4. Experimental Results:
- Evaluation Setup:
- Evaluated Models: Llama3.1, Qwen2.5, Gemma2, InternLM2.5, Aya-Expanse, DeepSeek-V3, and GPT-4o-mini.
- Inference Configuration: Greedy decoding (except for problem solving, where temperature = 0.2). Standard chat templates and system prompts are used.
- Multilingual Benchmark Results (Table 6, Figure 4):
- Larger models generally improve performance, but language disparities persist.
- Effective utilization of language-agnostic capabilities is challenging in multilingual contexts. Reasoning capabilities vary significantly across languages.
- Model performance is often biased toward high-resource languages.
- DeepSeek-V3 narrows the gap between open-source and closed-source models.
- Translation capabilities are positively correlated with other evaluated capabilities.
- Models within the same family exhibit consistent performance patterns across languages.
5. Analysis:
- High Correctness Agreement: High F1 scores (>0.9) indicate strong agreement between problem-solving correctness in English versus other languages (Figure 6). However, F1 scores are lower for low-resource languages.
- Challenges in Evaluating Domain-Specific Translation: Traditional metrics like BLEU and TER are unreliable due to the presence of unchanged text. Model-based metrics (XCOMET) have high variance. A performance retention rate is proposed but doesn't work as expected. (Table 7)

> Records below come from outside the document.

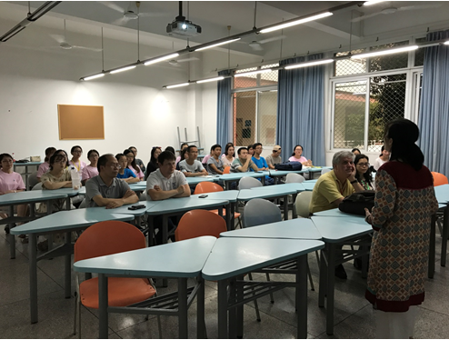 文化艺术学院教师刘洁带领三位外籍专家开展了一场趣味汉语体验活动。刘洁生动有趣的教授了如何用汉语进行“自我介绍”:“你好,我叫……,我是……,我喜欢……”,通过老师风趣幽默地讲解和与中国学生的互动训练,外籍专家们已经能够“字正腔圆”的用汉语简单地作自己介绍。在活动中,刘洁还示范了汉字的书写过程,讲授了美丽而古老的汉字“故事”。
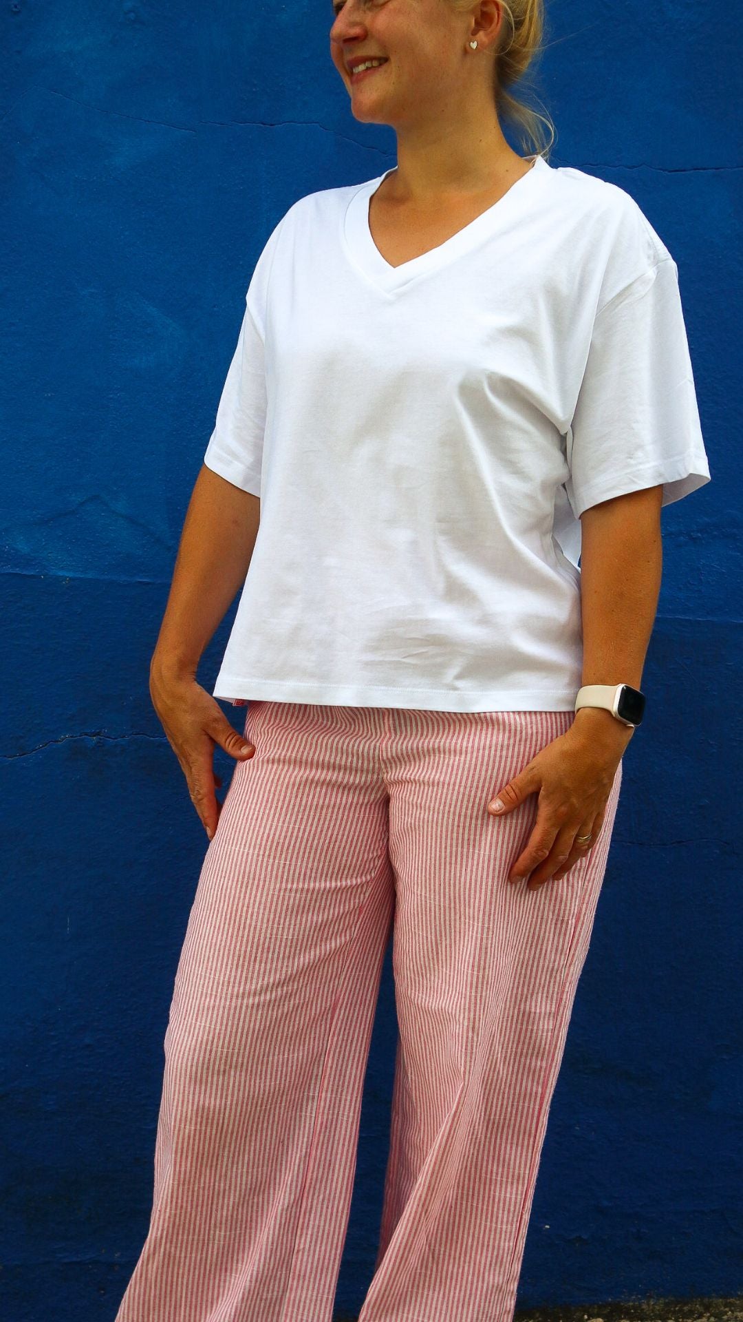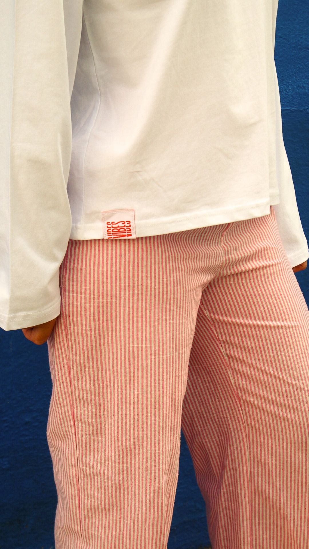 Our Tres Vibes Women's Pink Striped Trousers are lightweight and have a relaxed fit and elasticated waist. 100% Cotton canvas.
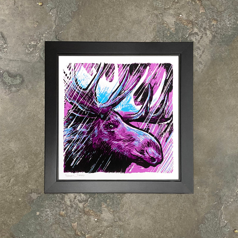 A purple moose bathing in the purple rain? Sure. And yes, there's a nod to his purple highness of Minnesota, the one and only Prince, in the title of this Woodland Series screen print.

- Machine-Translated Task Data: Can lead to both overestimation and underestimation of model performance (Figure 8). Human-translated data leads to better performance, especially in rule-based instruction following.
- Conventional Understanding Tasks: Insufficient for evaluating multilingual capabilities. BenchMAX reveals different performance patterns compared to traditional understanding tasks.
6. Conclusion:
- BenchMAX is a comprehensive multilingual benchmark designed to assess LLM capabilities across diverse languages and tasks.
- State-of-the-art LLMs still exhibit uneven performance across different languages.
- Simply increasing model size does not eliminate performance gaps, highlighting the need for further research to achieve balanced multilingual capabilities.
Impact Statement:
The authors state that the goal of the paper is to advance the field of machine learning and that there are no specific societal consequences to highlight.
In essence, the paper presents a valuable new resource for the multilingual NLP community. It provides a more rigorous and comprehensive way to evaluate LLMs across a wider range of languages and tasks than previous benchmarks, and offers insights into the challenges of building truly multilingual models.